Right after my birthday last year I spent a week in Provincetown, MA with my best friend/roommate, Jacob. We had been there the year prior and absolutely fell in love with that small New England town. It is such an interesting mix of gay, art, gay, beach, bikes, drag queens, and with a dash of straights thrown in there for good measure. Its one of my favorite places to go.
Stupidly, I had introduced Jacob to the world of Grindr right before we departed for the cape. The thing about Jacob is that he was celibate for quite sometime. I never truly understood why. He in his early 40s, attractive, fun and incredibly talented. About the time I moved in with him he started dating again. Then, much like an early mid life crisis, he became obsessed with guys, dating and sex. Unfortunately for me and our relationship he started acting like a different person.
The first year we went to Ptown, Jacob and I spent so much time together. Even though both of us always had one eye scanning around for cute boys, we were there together. That trip really solidify our relationship. Our last trip seemed to have the opposite effect. We were like random people who were sharing space together. I contribute a lot of this to his new found love for Grindr. Don’t get me wrong, I use Grindr and other gentlemen socializing networks, ok…sometimes I over use them, but at least I can always pull my attention away from shirtless torsos to carry on a conversation. The rest of the vacation was chuck for of instances of him wanting to go out with me and within 10 minutes he would locate his next conquest and I was left at the bar, alone.

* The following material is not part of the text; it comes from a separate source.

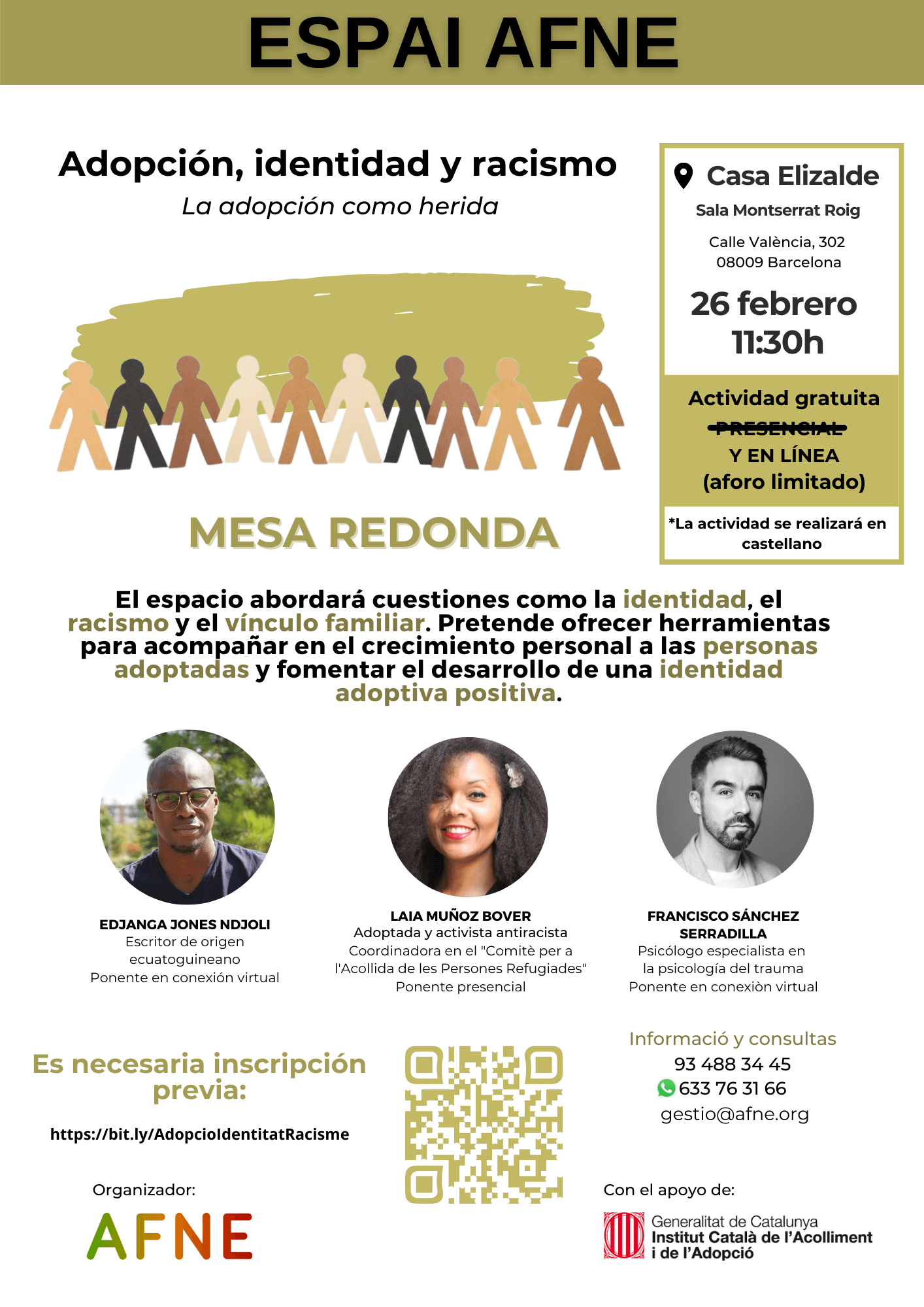 El próximo 26 de febrero os invitamos a un nuevo Espai AFNE en el que abordaremos cuestiones como la identidad, el racismo y el vínculo familiar. La mesa redonda pretende facilitar herramientas para acompañar a las personas adoptadas en el crecimiento personal y fomentar el desarrollo de una identidad adoptiva positiva.

Jacob came back to our room one morning and told me that just had unprotected sex and wanted advice on what to do next. I simply shut down.
What do you think I should do? Is there anything I can do? Does it really matter if I was the top?
I did know some of the answers to his questions but I was so angry all I could say was “I don’t know.” I was angry not just for the way he was treating me during the vacation, more importantly how he could do this to himself knowing all the shit that not only I go through, but other of his close friends do, because of this disease. So instead of blowing up in his face I said “I don’t know.”
Later on that afternoon a memory flashed through my mind when I told a good friend of mine that I tested positive. He laid into me with a lecture consisting of “How could you not have any respect for yourself?” “What were you thinking?” I know that my friend was upset and worried but all I needed was someone to listen to me and to be there for me. So I choked on my pride, found Jacob and gave him as much information as I could.
A couple months later a another good friend of mine put themselves in the same situation. When he told me that after having unprotected sex, his sexual partner then informed him that he was positive. When my friend came to me for advice, I felt the same pangs of anger. I know this sounds completely self centered but I took it as a personal offense, just like I did with Jacob. This time I swallowed all of my urges to do my best Cher impression and slap him “Snap out of it!” and I just listened and told him what course of action needs to happen.
I understand the allure of sex and being in the moment, but it hurts me to know that my friends aren’t being safe. Intellectually I now that it has nothing to do with me and as ridiculous as it sounds when these situations happen I somehow feel betrayed.
I want to be able to be there for my friends, no matter what happens. So, I will do my best just to listen and to be a supportive shoulder to cry on in moments like these. But you can bet your ass that after the stings of these situation pass I will be first in line with a lecture that Dorothy Zbornak can be proud of!